■ **Source material**:

[Start of section]

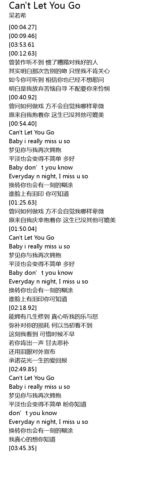 | [01:50.25] | Can't Let You Go |
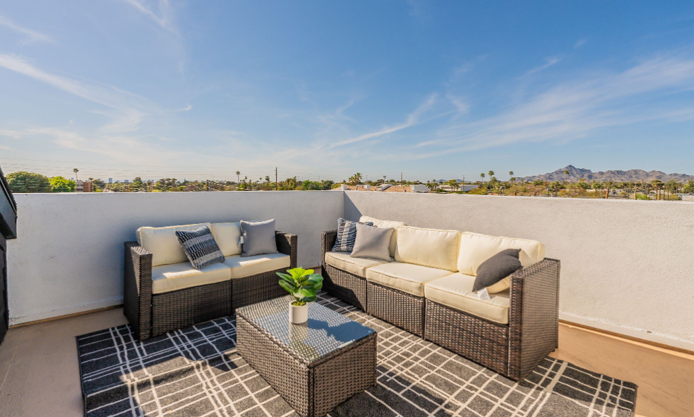 Welcome to Earll 18 Townhomes in Phoenix, AZ, where luxury meets convenience. Our townhomes feature top-of-the-line amenities such as stainless steel appliances, quartz counters, and tile backsplash in the kitchen. Enjoy the convenience of having a washer and dryer included in every unit, as well as luxury vinyl flooring throughout. Each home also comes with an attached garage for easy parking and a private patio for outdoor relaxation. Take a dip in the sparkling swimming pool or host a BBQ in the community BBQ area. Experience upscale living at Earll 18 Townhomes - Phoenix.
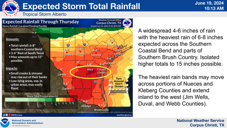 · Heaviest rain bands may move across portions of Nueces & Kleberg Counties and extend inland to the west.
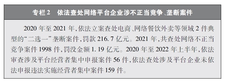 保障公平競(jìng)爭(zhēng)的網(wǎng)絡(luò)市場(chǎng)環(huán)境。隨著網(wǎng)絡(luò)平臺(tái)企業(yè)不斷擴(kuò)展自身的體量和實(shí)力,“掐尖式并購(gòu)”、無(wú)正當(dāng)理由屏蔽鏈接、“二選一”、大數(shù)據(jù)殺熟、流量挾持等妨礙市場(chǎng)公平競(jìng)爭(zhēng)的問(wèn)題也逐漸凸顯。中國(guó)積極回應(yīng)人民群眾訴求,在支持網(wǎng)絡(luò)平臺(tái)企業(yè)創(chuàng)新發(fā)展的同時(shí),依法規(guī)范和引導(dǎo)資本健康發(fā)展,采取多種治理平臺(tái)競(jìng)爭(zhēng)失序的執(zhí)法舉措。聚焦大型網(wǎng)絡(luò)平臺(tái)價(jià)格欺詐、低價(jià)傾銷等重點(diǎn)問(wèn)題,通過(guò)行政約談、行政指導(dǎo)、規(guī)則指引等多種監(jiān)管手段,整治壟斷和不正當(dāng)競(jìng)爭(zhēng)行為。圍繞民生、金融、科技、傳媒等重點(diǎn)行業(yè),依法審查涉及平臺(tái)經(jīng)營(yíng)者集中案件,防止可能妨礙市場(chǎng)競(jìng)爭(zhēng)和創(chuàng)新發(fā)展的并購(gòu)行為,引導(dǎo)網(wǎng)絡(luò)平臺(tái)企業(yè)增強(qiáng)合規(guī)意識(shí),規(guī)范自身經(jīng)營(yíng)行為。通過(guò)一系列行動(dòng),平臺(tái)經(jīng)濟(jì)市場(chǎng)環(huán)境不斷優(yōu)化,公平競(jìng)爭(zhēng)的行業(yè)生態(tài)穩(wěn)步向好,中小企業(yè)獲得更廣闊的發(fā)展空間,統(tǒng)一、開放、公平、競(jìng)爭(zhēng)、有序的網(wǎng)絡(luò)競(jìng)爭(zhēng)環(huán)境正在形成。
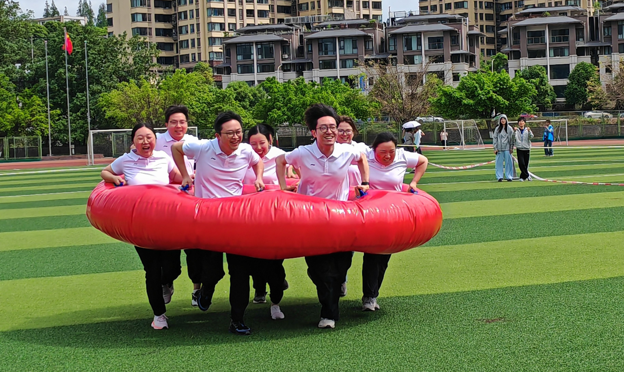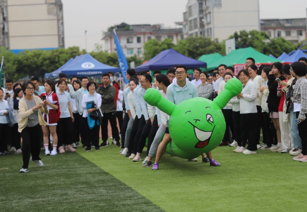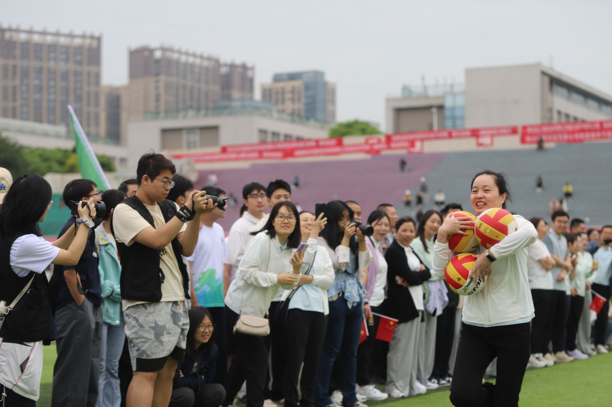 竞技项目紧张激烈,集体趣味项目也精彩纷呈。“集体跳绳”的节奏韵律、“抱球接力”的默契传递、“八仙过海”的奇思妙想、“毛毛虫竞速”的憨态可掬,让运动场瞬间变身为欢乐海洋。43个分会近1400人次走出日常的办公环境,积极投身到运动场上,相互鼓励,相互配合,尽显团队的默契与团结,赢得在场观众的阵阵喝彩。莘莘学子或围坐欣赏,或摇旗呐喊,为老师们加油鼓劲,营造了一幅幅美好的画面。
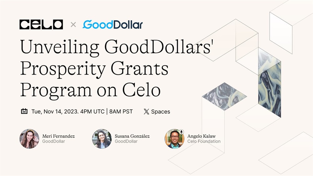 Celo will host an AMA on X with GoodDollar on November 14th at 16:00 UTC. The representatives from GoodDollar and Celo will discuss the program designed to support the upcoming generation of builders, innovators, and entrepreneurs.
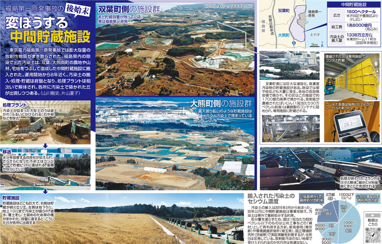February 06, 2023 The accident at TEPCO’s Fukushima Daiichi Nuclear Power Plant has spread an enormous amount of radioactive materials. Contaminated soil from the decontamination process in Fukushima Prefecture was delivered to an interim storage facility built by crushing farmland, forests, and residential areas in the towns of Futaba and Okuma. Nearly eight years have passed since operations began. The delivery, processing, and storage of the contaminated soil is now in its final stages, and the processing plants are being dismantled one after another, and hills made of the contaminated soil are appearing in various places. (Takeshi Yamakawa and Natsuko Katayama)
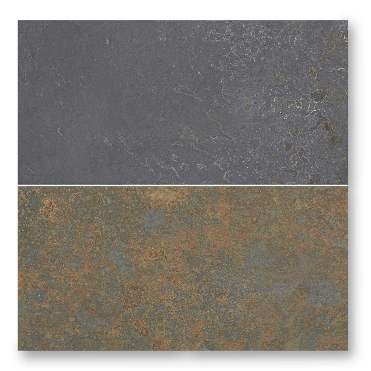 This striking textured natural slate from Brazil ranges in colour from gold to black with veins of minerals appearing throughout. This significant colour variation from tile to tile is a real feature and makes for a bold and dramatic floor.
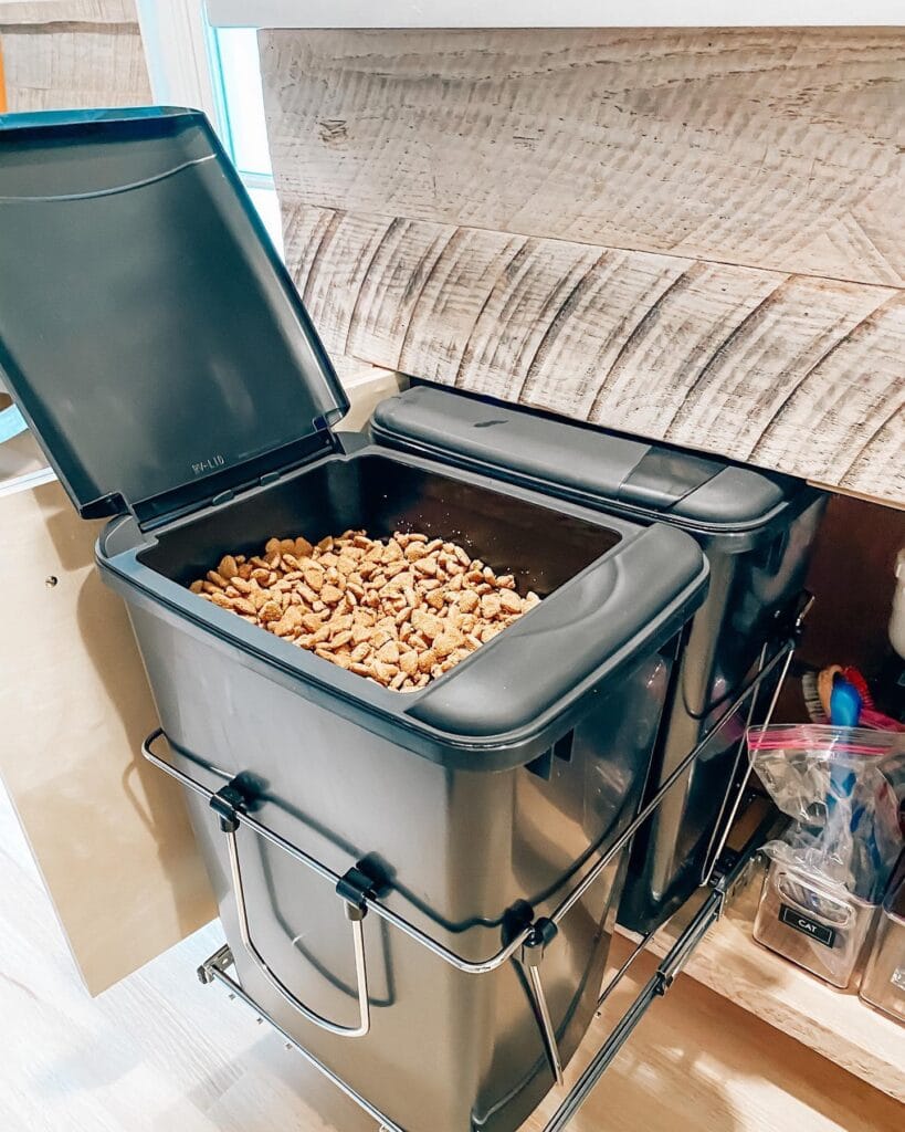 This one uses a pull-out cabinet organizer with chrome wire rails mounted inside a lower kitchen cabinet. Two dark charcoal gray plastic bins sit side by side on the sliding rack — one holds dog kibble, the other can store cat food (that little “CAT” label on the acrylic container to the right? chef’s kiss for organization lovers).
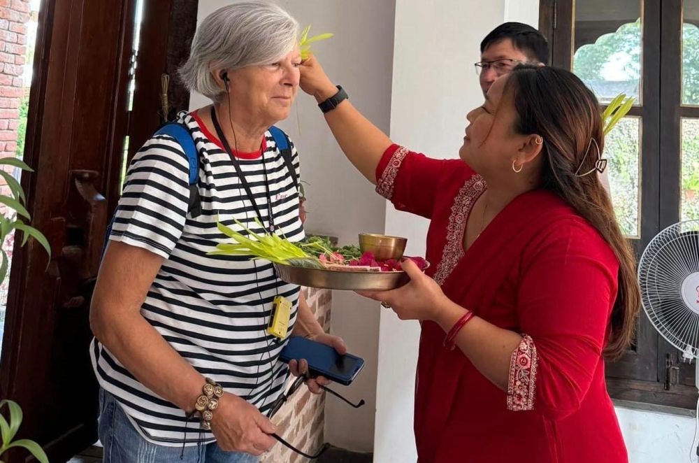 काठमाडाैं । तनहुँको पर्यटकीय नगरी बन्दीपुर भ्रमणका लागि आएका विदेशी पर्यटक दसैँको टीका लगाउन पाउँदा दङ्ग परेका छन् । केही दिनदेखि बन्दीपुरमा रहेका विभिन्न देशका पर्यटक शनिबार दसैँको टीका लगाउन पाउँदा दङ्गसँगै खुसी भएका थिए ।
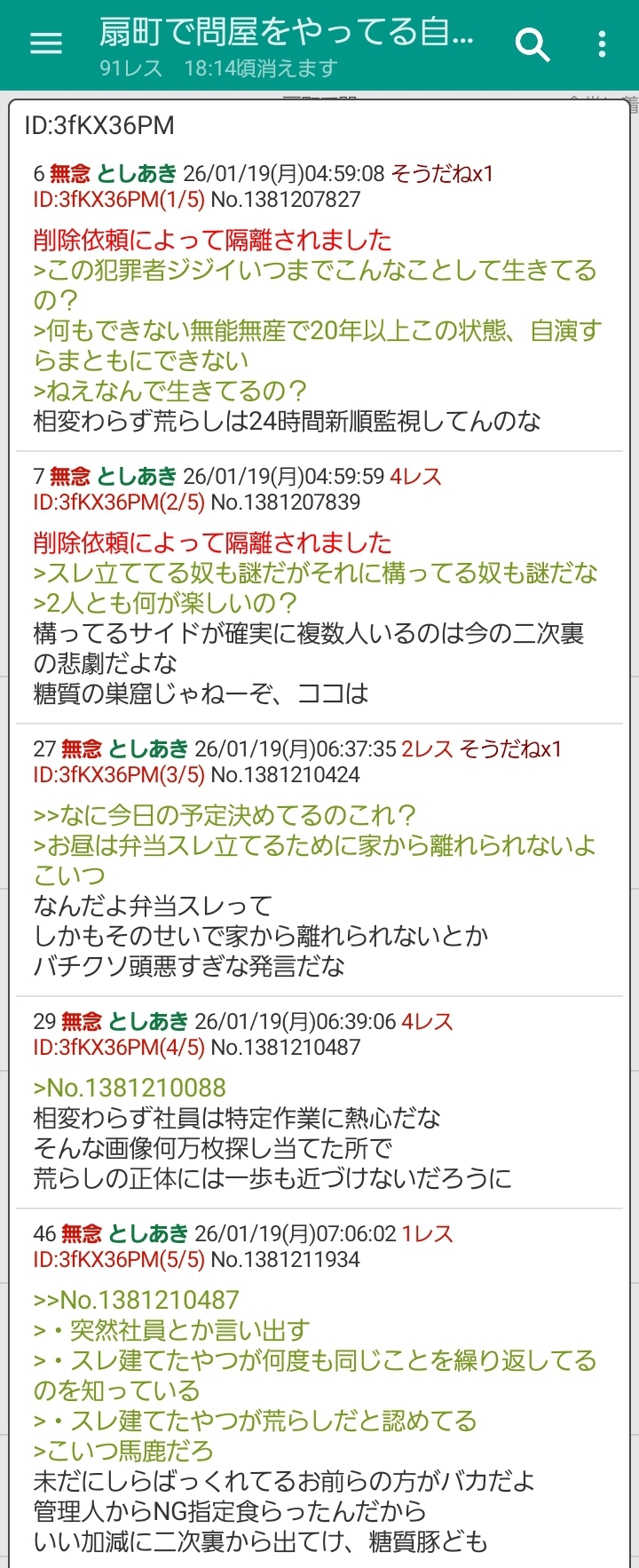 | … | 85無念Nameとしあき26/01/20(火)16:20:29No.1381501713そうだねx10自演書き込みの順番間違えて消したなスレ豚 |

[End of section]

■ **Directions**:
Restate the material above exactly. Exclude all pictures.

■ **Response area**:
 | [01:50.25] | Can't Let You Go |
 Welcome to Earll 18 Townhomes in Phoenix, AZ, where luxury meets convenience. Our townhomes feature top-of-the-line amenities such as stainless steel appliances, quartz counters, and tile backsplash in the kitchen. Enjoy the convenience of having a washer and dryer included in every unit, as well as luxury vinyl flooring throughout. Each home also comes with an attached garage for easy parking and a private patio for outdoor relaxation. Take a dip in the sparkling swimming pool or host a BBQ in the community BBQ area. Experience upscale living at Earll 18 Townhomes - Phoenix.
 · Heaviest rain bands may move across portions of Nueces & Kleberg Counties and extend inland to the west.
 保障公平競(jìng)爭(zhēng)的網(wǎng)絡(luò)市場(chǎng)環(huán)境。隨著網(wǎng)絡(luò)平臺(tái)企業(yè)不斷擴(kuò)展自身的體量和實(shí)力,“掐尖式并購(gòu)”、無(wú)正當(dāng)理由屏蔽鏈接、“二選一”、大數(shù)據(jù)殺熟、流量挾持等妨礙市場(chǎng)公平競(jìng)爭(zhēng)的問(wèn)題也逐漸凸顯。中國(guó)積極回應(yīng)人民群眾訴求,在支持網(wǎng)絡(luò)平臺(tái)企業(yè)創(chuàng)新發(fā)展的同時(shí),依法規(guī)范和引導(dǎo)資本健康發(fā)展,采取多種治理平臺(tái)競(jìng)爭(zhēng)失序的執(zhí)法舉措。聚焦大型網(wǎng)絡(luò)平臺(tái)價(jià)格欺詐、低價(jià)傾銷等重點(diǎn)問(wèn)題,通過(guò)行政約談、行政指導(dǎo)、規(guī)則指引等多種監(jiān)管手段,整治壟斷和不正當(dāng)競(jìng)爭(zhēng)行為。圍繞民生、金融、科技、傳媒等重點(diǎn)行業(yè),依法審查涉及平臺(tái)經(jīng)營(yíng)者集中案件,防止可能妨礙市場(chǎng)競(jìng)爭(zhēng)和創(chuàng)新發(fā)展的并購(gòu)行為,引導(dǎo)網(wǎng)絡(luò)平臺(tái)企業(yè)增強(qiáng)合規(guī)意識(shí),規(guī)范自身經(jīng)營(yíng)行為。通過(guò)一系列行動(dòng),平臺(tái)經(jīng)濟(jì)市場(chǎng)環(huán)境不斷優(yōu)化,公平競(jìng)爭(zhēng)的行業(yè)生態(tài)穩(wěn)步向好,中小企業(yè)獲得更廣闊的發(fā)展空間,統(tǒng)一、開放、公平、競(jìng)爭(zhēng)、有序的網(wǎng)絡(luò)競(jìng)爭(zhēng)環(huán)境正在形成。
 竞技项目紧张激烈,集体趣味项目也精彩纷呈。“集体跳绳”的节奏韵律、“抱球接力”的默契传递、“八仙过海”的奇思妙想、“毛毛虫竞速”的憨态可掬,让运动场瞬间变身为欢乐海洋。43个分会近1400人次走出日常的办公环境,积极投身到运动场上,相互鼓励,相互配合,尽显团队的默契与团结,赢得在场观众的阵阵喝彩。莘莘学子或围坐欣赏,或摇旗呐喊,为老师们加油鼓劲,营造了一幅幅美好的画面。
 Celo will host an AMA on X with GoodDollar on November 14th at 16:00 UTC. The representatives from GoodDollar and Celo will discuss the program designed to support the upcoming generation of builders, innovators, and entrepreneurs.
February 06, 2023 The accident at TEPCO’s Fukushima Daiichi Nuclear Power Plant has spread an enormous amount of radioactive materials. Contaminated soil from the decontamination process in Fukushima Prefecture was delivered to an interim storage facility built by crushing farmland, forests, and residential areas in the towns of Futaba and Okuma. Nearly eight years have passed since operations began. The delivery, processing, and storage of the contaminated soil is now in its final stages, and the processing plants are being dismantled one after another, and hills made of the contaminated soil are appearing in various places. (Takeshi Yamakawa and Natsuko Katayama)
 This striking textured natural slate from Brazil ranges in colour from gold to black with veins of minerals appearing throughout. This significant colour variation from tile to tile is a real feature and makes for a bold and dramatic floor.
 This one uses a pull-out cabinet organizer with chrome wire rails mounted inside a lower kitchen cabinet. Two dark charcoal gray plastic bins sit side by side on the sliding rack — one holds dog kibble, the other can store cat food (that little “CAT” label on the acrylic container to the right? chef’s kiss for organization lovers).
 काठमाडाैं । तनहुँको पर्यटकीय नगरी बन्दीपुर भ्रमणका लागि आएका विदेशी पर्यटक दसैँको टीका लगाउन पाउँदा दङ्ग परेका छन् । केही दिनदेखि बन्दीपुरमा रहेका विभिन्न देशका पर्यटक शनिबार दसैँको टीका लगाउन पाउँदा दङ्गसँगै खुसी भएका थिए ।
 | … | 85無念Nameとしあき26/01/20(火)16:20:29No.1381501713そうだねx10自演書き込みの順番間違えて消したなスレ豚 |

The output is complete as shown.